The data:
========================
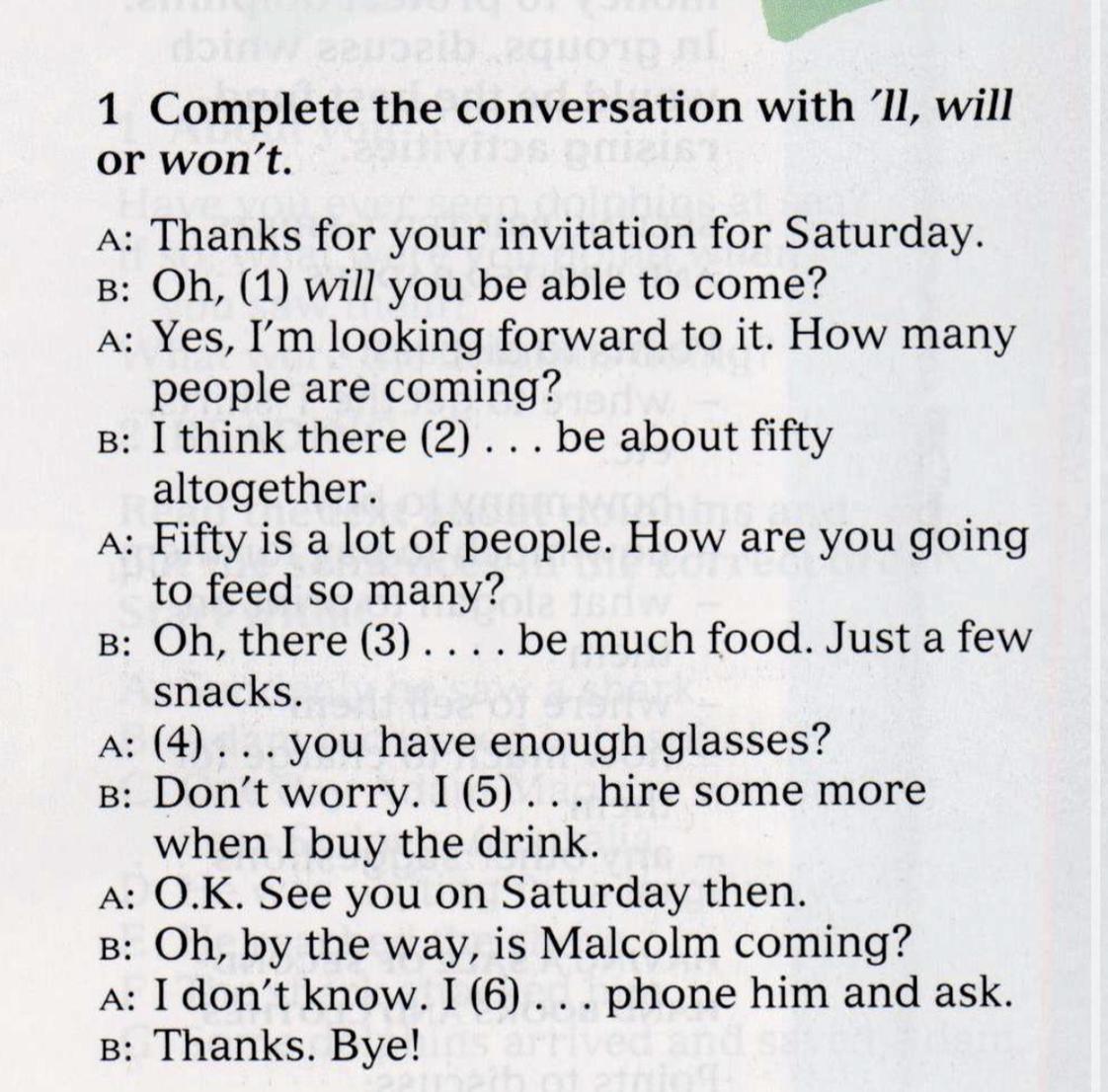 2.will 3.won’t 4.will 5.’ll. 6.’ll.
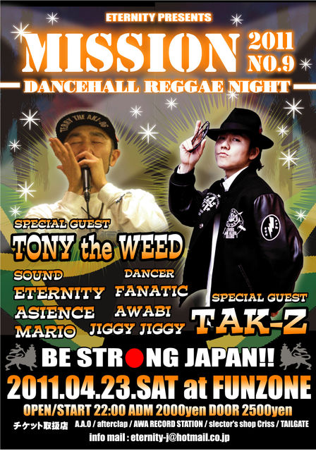 管理人様、告知失礼します。 不適切であれば削除お願いします。 ------------------------------------------ ★MISSION No.10 -DANCEHALL REGGAE NIGHT★ ■2011年4月23日(土曜)FUNZONEにて開催!! ■回を増すごとに集客数を伸ばし、多彩なゲストを向かえ 勢いに乗るレゲエイベント“MISSION”。 お客さん、出演者、関係者、集まる すべての人を 巻き込んでのド派手なビッグパーティーです。 ■今回はスペシャルゲストに、from KANSAI 裏庭から“TONY the WEED” さらに、現在関西の若手NO.1レゲエシンガー“TAK-Z”も
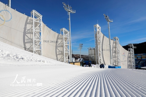 日前,防风墙在北京冬奥会张家口赛区云顶滑雪公园亮相。防风墙的的建立可以有效地减小大风对运动员的干扰,保证赛事的正常进行。武殿森 摄(人民图片网)
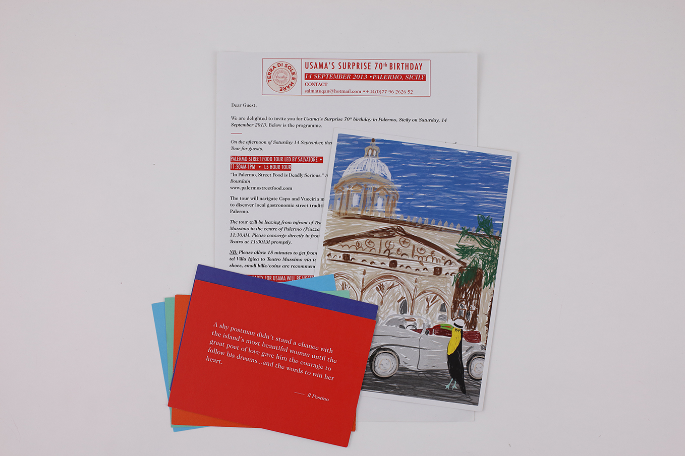 A personal commission of an invitation for a 70th birthday party which included the invite card, a series of five postcards featuring quotes from books and films set in Sicily, and an invitation letter.
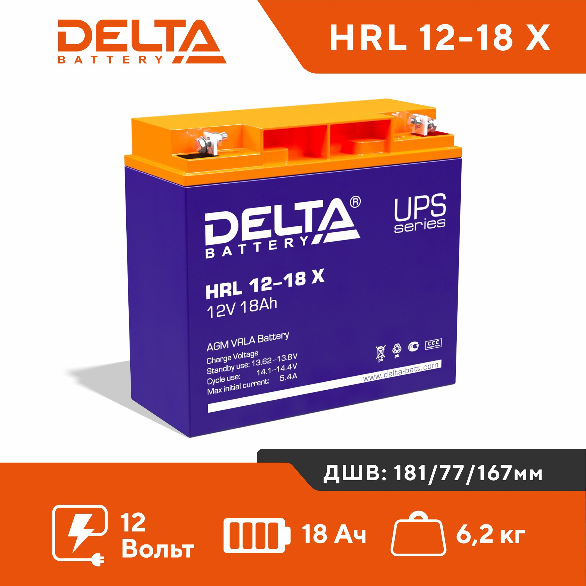 Батарея для ИБП Delta HRL 12-18 X 12В 18Ач информация:
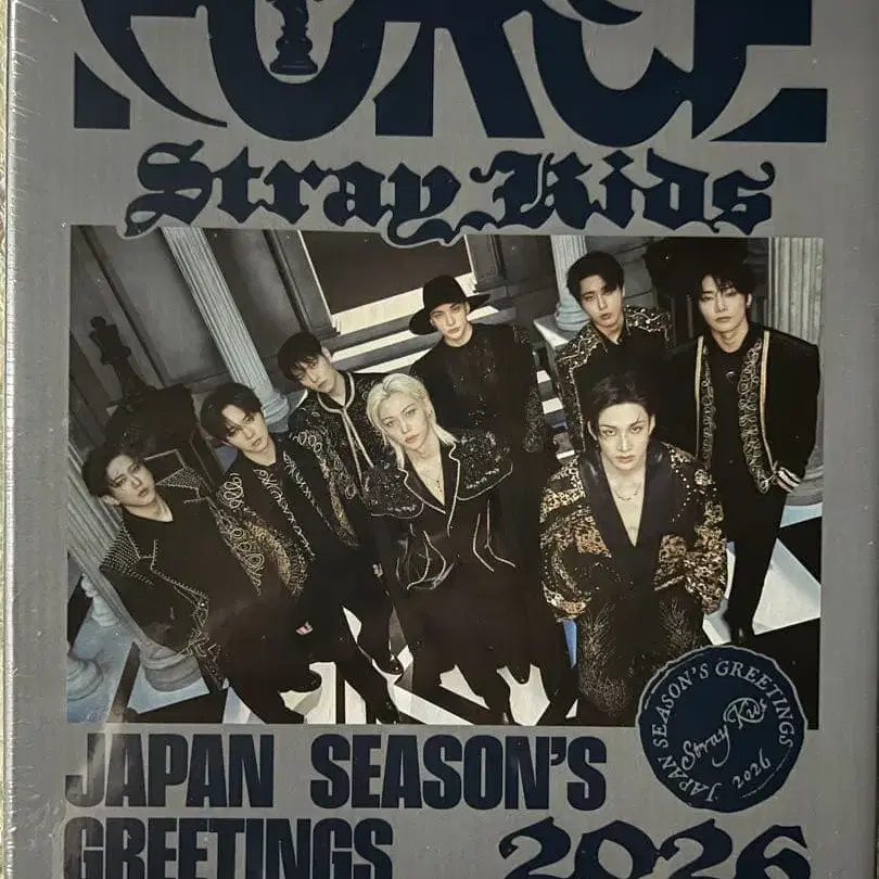 Stray Kids의 2026 시즌 그리팅, FORCE 테마의 그룹 사진 포함.
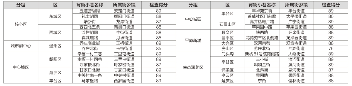 依据“背街小巷检查得分90分以下给予降档”的原则,第一季度全市共有28条背街小巷得分在90分以下,降为不达标类街巷。其中东城、西城、朝阳、丰台区各3条,通州、海淀、石景山、平谷区各2条,顺义、昌平、大兴、房山、门头沟、怀柔、密云、延庆区各1条(详见附件)。
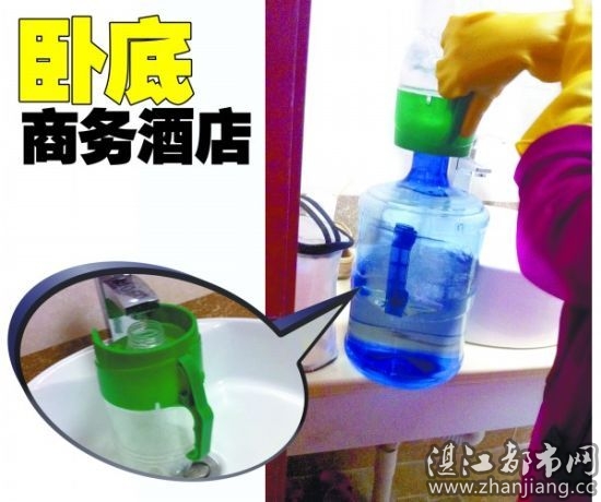 服务员“老师”的操作很熟练,可接下来她的动作却让记者看傻了--她把专用的抹布放在桶里涮了涮后就挂在了门上,转 身拿起客人用过的面巾擦拭起刚喷洒过清洁剂的面盆。“顺便抹一下这个就可以了,这样就干净了,就用这块浴巾。” 用面巾擦完面盆后,只见服务员又拿起了一块顾客用过的浴巾擦起了卫生间的墙壁。
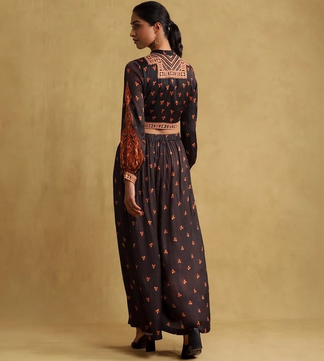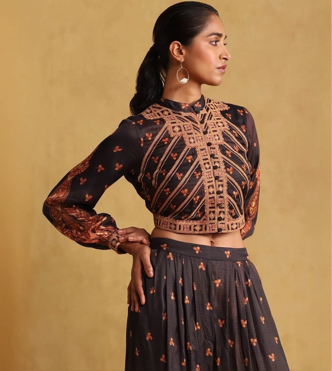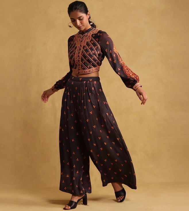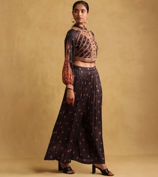 Showcasing an elaborate detailing, add an extra charm to your look wearing this jacket with palazzo. It is crafted from dehri satin. Disclaimer: Product colour may slightly vary due to photographic lighting sources. Country of Origin - India.
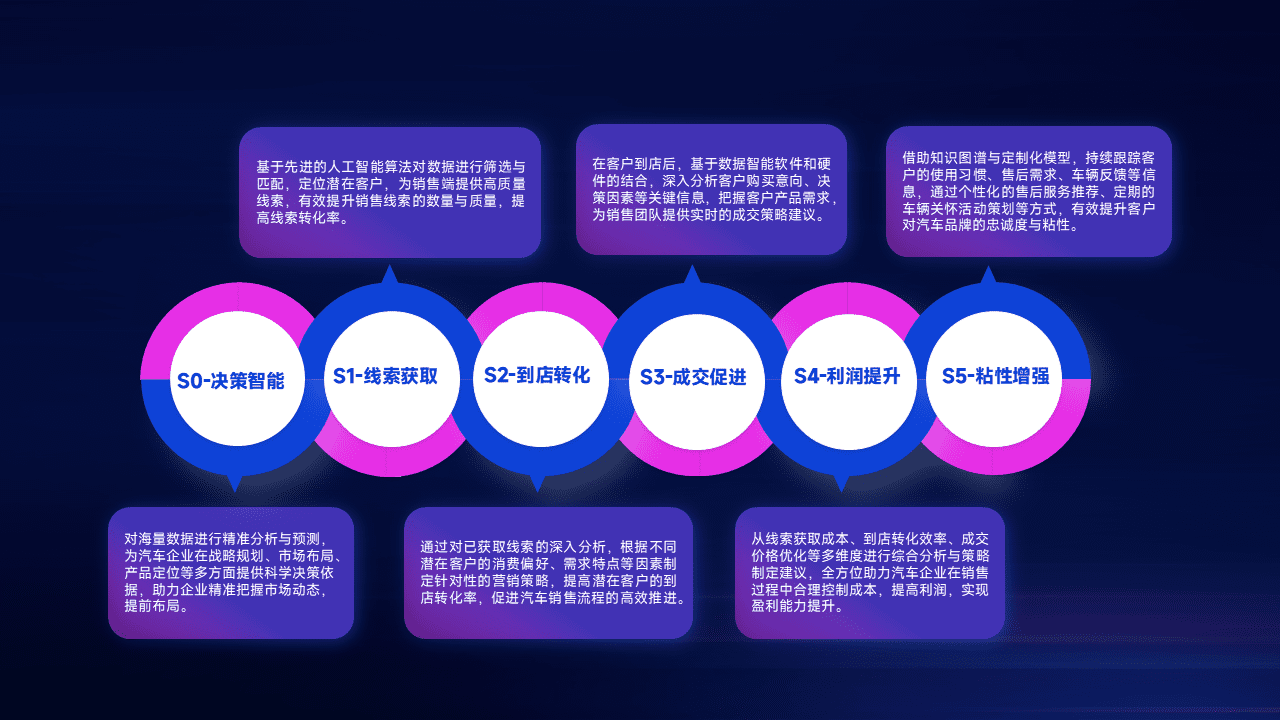 通过拓宽潜在客户来源、、优化线索分配并提高到店转化率,,,以增强销售效率。。。同时,,利用线索数据不断优化分析模型,,有效提升转化率,,,,扩大营销影响力。。
========================
Work instruction:
The entries above are to be returned exactly, without their pictures.

Task answer:
 2.will 3.won’t 4.will 5.’ll. 6.’ll.
 管理人様、告知失礼します。 不適切であれば削除お願いします。 ------------------------------------------ ★MISSION No.10 -DANCEHALL REGGAE NIGHT★ ■2011年4月23日(土曜)FUNZONEにて開催!! ■回を増すごとに集客数を伸ばし、多彩なゲストを向かえ 勢いに乗るレゲエイベント“MISSION”。 お客さん、出演者、関係者、集まる すべての人を 巻き込んでのド派手なビッグパーティーです。 ■今回はスペシャルゲストに、from KANSAI 裏庭から“TONY the WEED” さらに、現在関西の若手NO.1レゲエシンガー“TAK-Z”も
 日前,防风墙在北京冬奥会张家口赛区云顶滑雪公园亮相。防风墙的的建立可以有效地减小大风对运动员的干扰,保证赛事的正常进行。武殿森 摄(人民图片网)
 A personal commission of an invitation for a 70th birthday party which included the invite card, a series of five postcards featuring quotes from books and films set in Sicily, and an invitation letter.
 Батарея для ИБП Delta HRL 12-18 X 12В 18Ач информация:
 Stray Kids의 2026 시즌 그리팅, FORCE 테마의 그룹 사진 포함.
 依据“背街小巷检查得分90分以下给予降档”的原则,第一季度全市共有28条背街小巷得分在90分以下,降为不达标类街巷。其中东城、西城、朝阳、丰台区各3条,通州、海淀、石景山、平谷区各2条,顺义、昌平、大兴、房山、门头沟、怀柔、密云、延庆区各1条(详见附件)。
 服务员“老师”的操作很熟练,可接下来她的动作却让记者看傻了--她把专用的抹布放在桶里涮了涮后就挂在了门上,转 身拿起客人用过的面巾擦拭起刚喷洒过清洁剂的面盆。“顺便抹一下这个就可以了,这样就干净了,就用这块浴巾。” 用面巾擦完面盆后,只见服务员又拿起了一块顾客用过的浴巾擦起了卫生间的墙壁。
 Showcasing an elaborate detailing, add an extra charm to your look wearing this jacket with palazzo. It is crafted from dehri satin. Disclaimer: Product colour may slightly vary due to photographic lighting sources. Country of Origin - India.
 通过拓宽潜在客户来源、、优化线索分配并提高到店转化率,,,以增强销售效率。。。同时,,利用线索数据不断优化分析模型,,有效提升转化率,,,,扩大营销影响力。。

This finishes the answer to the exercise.